Of course, we cannot discuss public and private schools without talking about the cost. As public schools are funded by state governments and citizens’ taxes, it is significantly cheaper for you to go to one of them rather than private schools. Private colleges rely on fees, tuition, and rare donations in order to keep running, and that drives the price of tuition way up; in fact, tuition doesn’t change for people in that state or out-of-state. This is beneficial in a way, for private schools can be region-blind when it comes to accepting students because all who enroll will pay the same amount of tuition, unlike in public schools that accept students that are mostly from the state that they are in.


Historically Black Colleges and Universities

An HCBU, as defined by the U.S. Department of Education, is “any historically black college or university that was established prior to 1964, whose principal mission was, and is, the education of black Americans, and that is accredited by a nationally recognized accrediting agency or association determined by the Secretary [of Education] to be a reliable authority as to the quality of training offered or is, according to such an agency or association, making reasonable progress toward accreditation.” Even though these colleges are historically black, however, they offer all students, regardless of race, chances to further their talents in their higher education.

At these schools, opportunities may be specifically tailored to African-American history and experiences, which adds to the close-knit community that already exists.
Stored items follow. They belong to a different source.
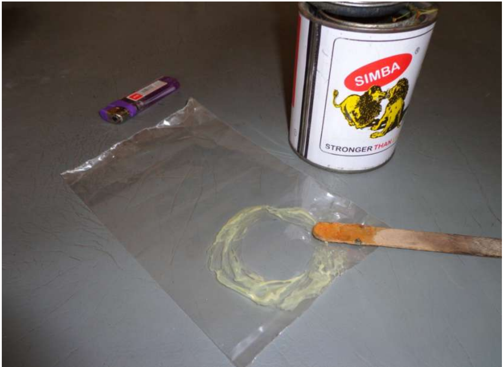
Preparation of colostomy bag
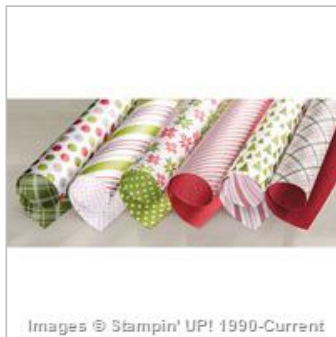
Merry Moments Designer Series
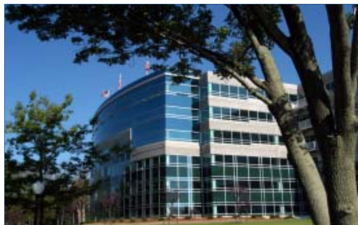
A closer perspective from the waterside of 500 Cummings Center

See reverse side for more details Visit us at 500cummingcenter.com
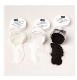
Basics Embossing Powders - 155554
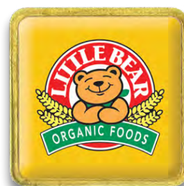
BL-4011 1 1/16"
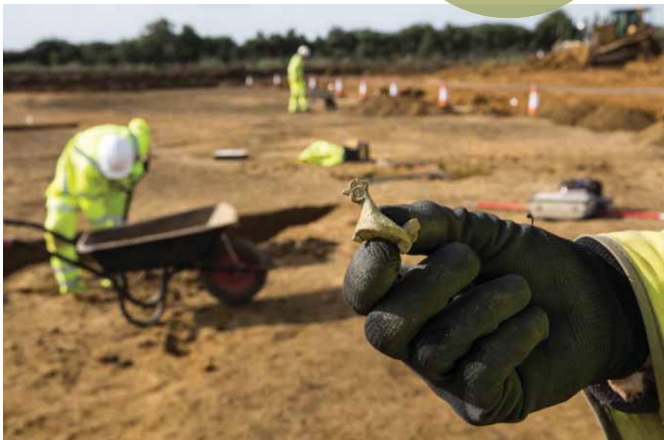
Roman chicken-shaped brooch.

Crucial to the professional and personal development of our EU colleagues is the protection of their status in the UK, that they know they are valued, and that we continue to learn from one another, whatever the result of Brexit might be.
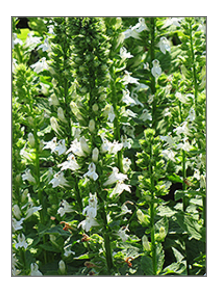
White Cardinal Flower flowers
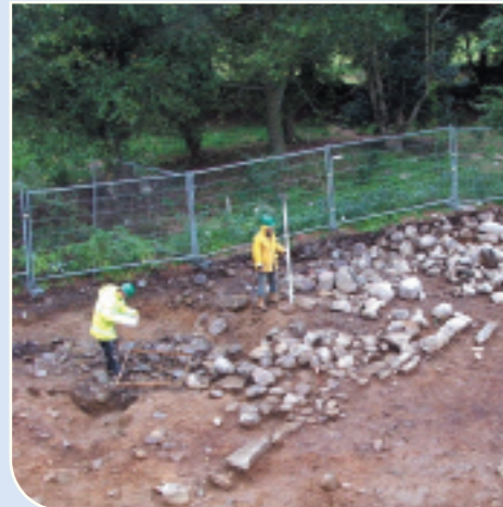
Archaeologists recording the Aghnaskeagh Long Cairn.

The kerb for the monument appears to have been rebuilt once. Left untouched - perhaps out of respect? - was a circular side chamber set within the monument's bulk.
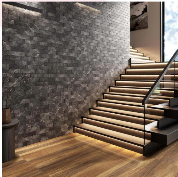
Colorado 4 245x65
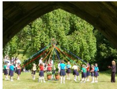
Prep Department Maypole Dancing Team
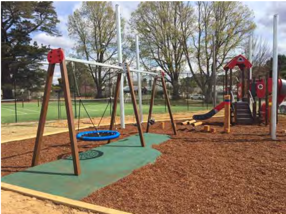
A new playground was installed as part of the upgrades of the Braidwood Recreation Ground.
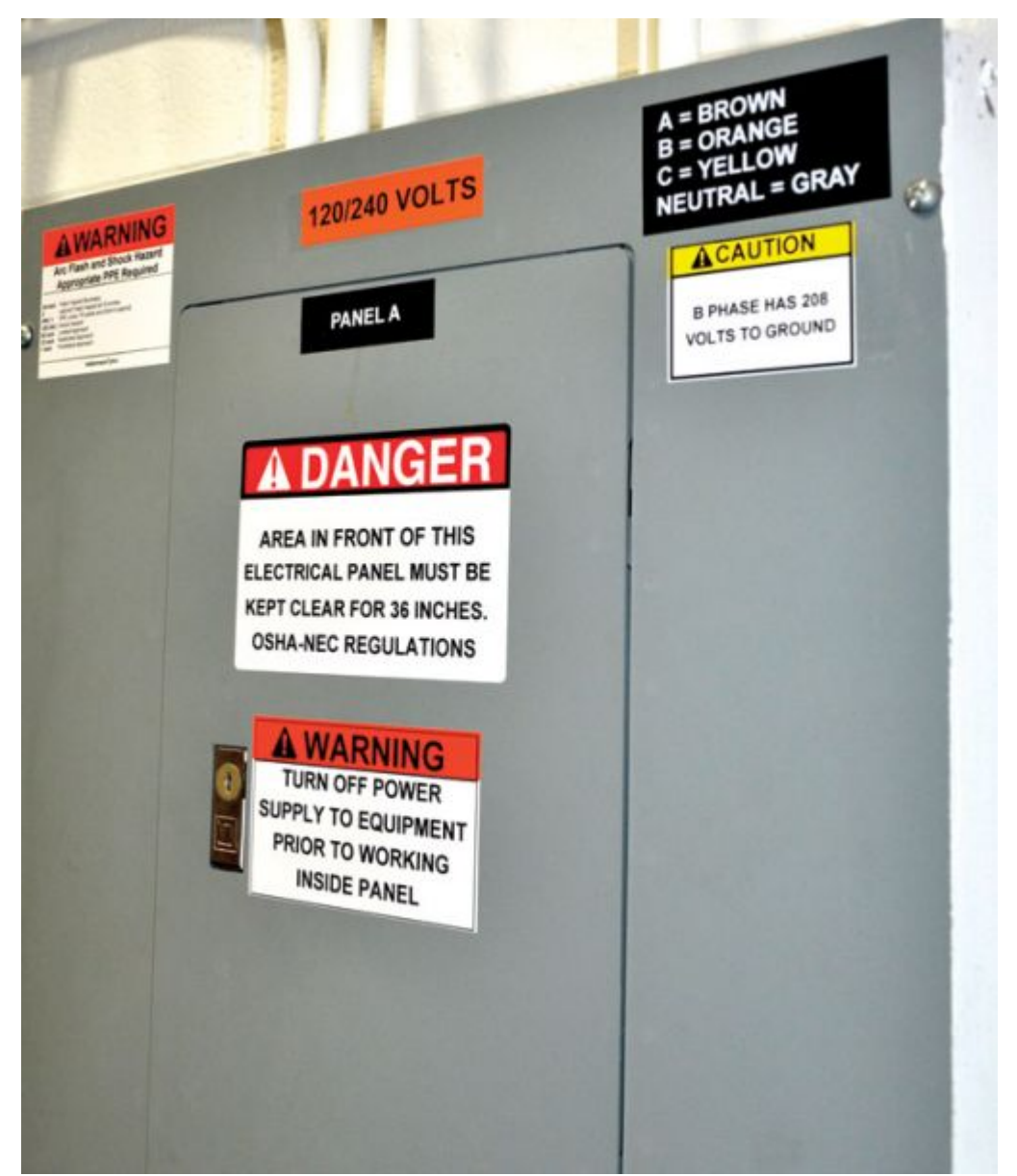
Photo 4. This panel shows all the appropriate labeling as required by the NEC and NFPA 70E, per ANSI Z535 label design formats. Note how the phases are marked in this example.

This is also why it is essential to label your high leg per NEC 408.3(F)(1), which states that a switchboard or panelboard containing a 4-wire delta-connected system, where the mid-point of one phase winding is grounded, shall be field marked to indicate which phase is going to ground and the associated voltage. Also remember to mark any circuits that are backfed. Each group-operated isolating switch or disconnecting means shall bear a notice to the effect that contacts on either side of the device might be energized per NEC 225.70(4).
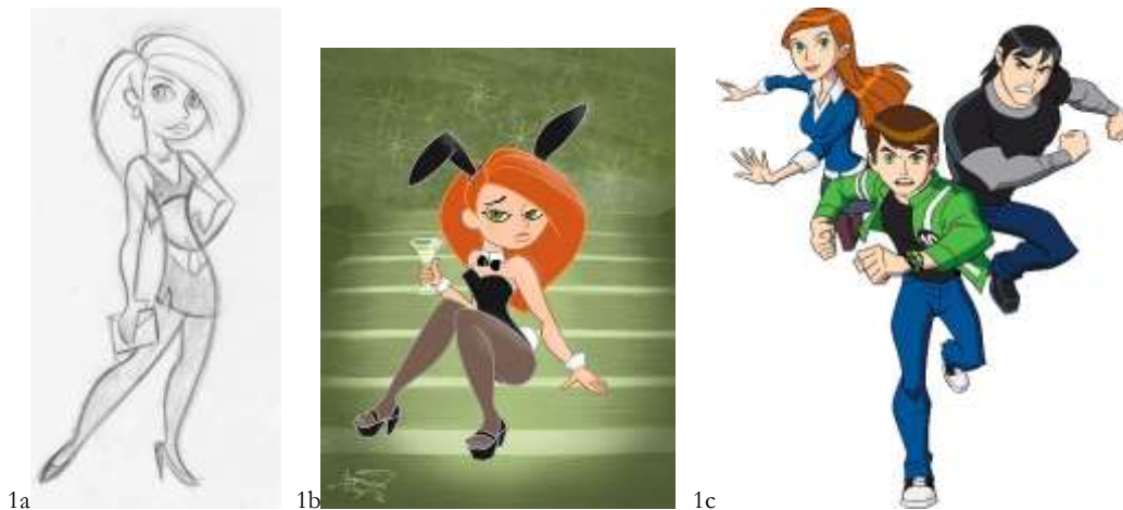
Illustration: 1a and 1b) Kim Possible 1c) Ben 10

Although boys did not describe boy-characters in relationship to girls, the boys did tend to describe girl-characters in the context of their relationships to or interest in boys. This included such statements as, “(girls) ask boys out on dates,” they “follow what boys say,” they are “left out of play,” they are “not as adventurous,” they are “teased by boys,” and they “want kisses.” Boys also described girl-characters domestic role behavior or referred to the girl’s appearance (Meyer, 2016). Examples of this included they “say ‘I’m pretty’” and they “wear rings.” Girls described girl-characters as domestic, playing with dolls, dressing up, and chasing boys. Specific examples included doing “chores around the house”, “being polite” and saying “excuse me” a lot. Clearly, the majority of children in this study perceived male and female cartoon characters in stereotypical ways. In a study funded by the National Heart, Lung and Blood Institute, (Williams, 2014) a survey of girls 9 and 10 years old, found that 40% had tried to lose weight. Fifth graders, 10-year-old girls and boys told researchers they were dissatisfied with their bodies after watching animated cartoons like Ben 10 and Kim Possible (illustration 1), and music video by Britney Spears (Mayer, 2015). Identification with cartoon stars, models or athletes for girls and boys positively correlated with body dissatisfaction. This has an effect on the body image of the children who watch them.

This atmosphere is said to be safe and nurturing by graduates, and if you are looking for somewhat familial ties in your college experience, an HCBU may be right for you.


Religiously Affiliated Colleges

People may shy away from colleges that coincide with a religion, especially if they don’t practice  the same religion or any religion at all. You don’t necessarily have to be of the same religion to attend one of these schools and definitely should not let that stop you if you really like an academic program in a school, but you should be wary of what kind of community the school has. For example, religion may intersect with student life when it comes to dress code, curfew, single-sex dorms, and more. Make sure to do your research on a specific school if you are interested, and get a tour if possible. This will allow you to make sure that the atmosphere is right for you.

If you do practice the same religion as a school you are interested in, though, this can be extremely beneficial to you. You can get involved in clubs to further your spiritual growth and attend your specific church with fellow students. This allows you to be in an accepting and familiar community of people who understand you and already have a deep connection with you through religion.

Hopefully, through this article you have gained valuable insight into what type of college you’d like to attend after you finish high school. Now that you have this knowledge, go and research these schools and narrow down your list of possibilities!